Friday, October 9, 2015

Birthday Take: Guillermo Del Toro in "Pan's Labyrinth" (2006)

Scene from Pan's Labyrinth
Welcome to The Birthday Take, a column dedicated to celebrating Oscar nominees and winners' birthdays by paying tribute to the work that got them noticed. This isn't meant to be an exhaustive retrospective, but more of a highlight of one nominated work that makes them noteworthy. The column will run whenever there is a birthday and will hopefully give a dense exploration of the finest performances and techniques applied to film. So please join me as we blow out the candles and dig into the delicious substance.

The Facts

Recipient: Guillermo Del Toro
Born: October 9 1964 (51 years old)
Nomination: Best Original Screenplay (nominated) for Pan's Labyrinth


The Take

It's tough for me to determine just how I feel about Guillermo Del Toro as of late. The truth is that I was very much burned by Pacific Rim. It is just a flat-out terrible movie that shows the director sacrificing what made him compelling and revolutionary. Even in the realm of big budgeted studio films, I found his work on the two Hellboy movies to vastly more compelling than most superhero films of the past decade. He is someone who understands comic books. But he also understands art. At least in the past, he is someone who incorporated practical effects and horror into something that is magnificent. He created a vision that is different from what most other people have been doing. It's kind of why I am cautious yet excited about Crimson Peak. However, it will be hard to fully write him off because of Pan's Labyrinth.

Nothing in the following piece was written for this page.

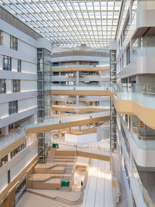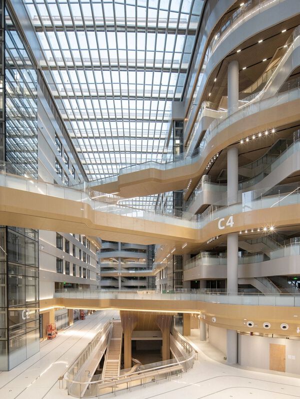 J&A杰恩設(shè)計以“自·然·界”概念的宏觀命題作為設(shè)計主題,辦公中庭分主題概念高峽通衢運用莫比烏斯環(huán)的空間形態(tài)打造無限循環(huán)連廊,為阿里巴巴打造出一座集政務接待、國際會晤、創(chuàng)新研發(fā)、休閑娛樂為一體的超大復合型辦公總部。

While he had transitioned into English language films by the time of the film's release, Pan's Labyrinth was his breakout film in a lot of ways. On top of being in Spanish, it's one of his most visually poetic films. It's a dark fairy tale that is as much about war as it is about the journey of a girl coming to terms with her placement. Even then, it's one of the most visually iconic films of the 00's, with various character models that have since been lampooned by pop culture. To understand the ingenuity of the film is to understand a creator whose vision is almost solely his own. Ripped from his sketchbook, a lot of the characters are immediately striking and memorable. It helps that the story around it is powerful.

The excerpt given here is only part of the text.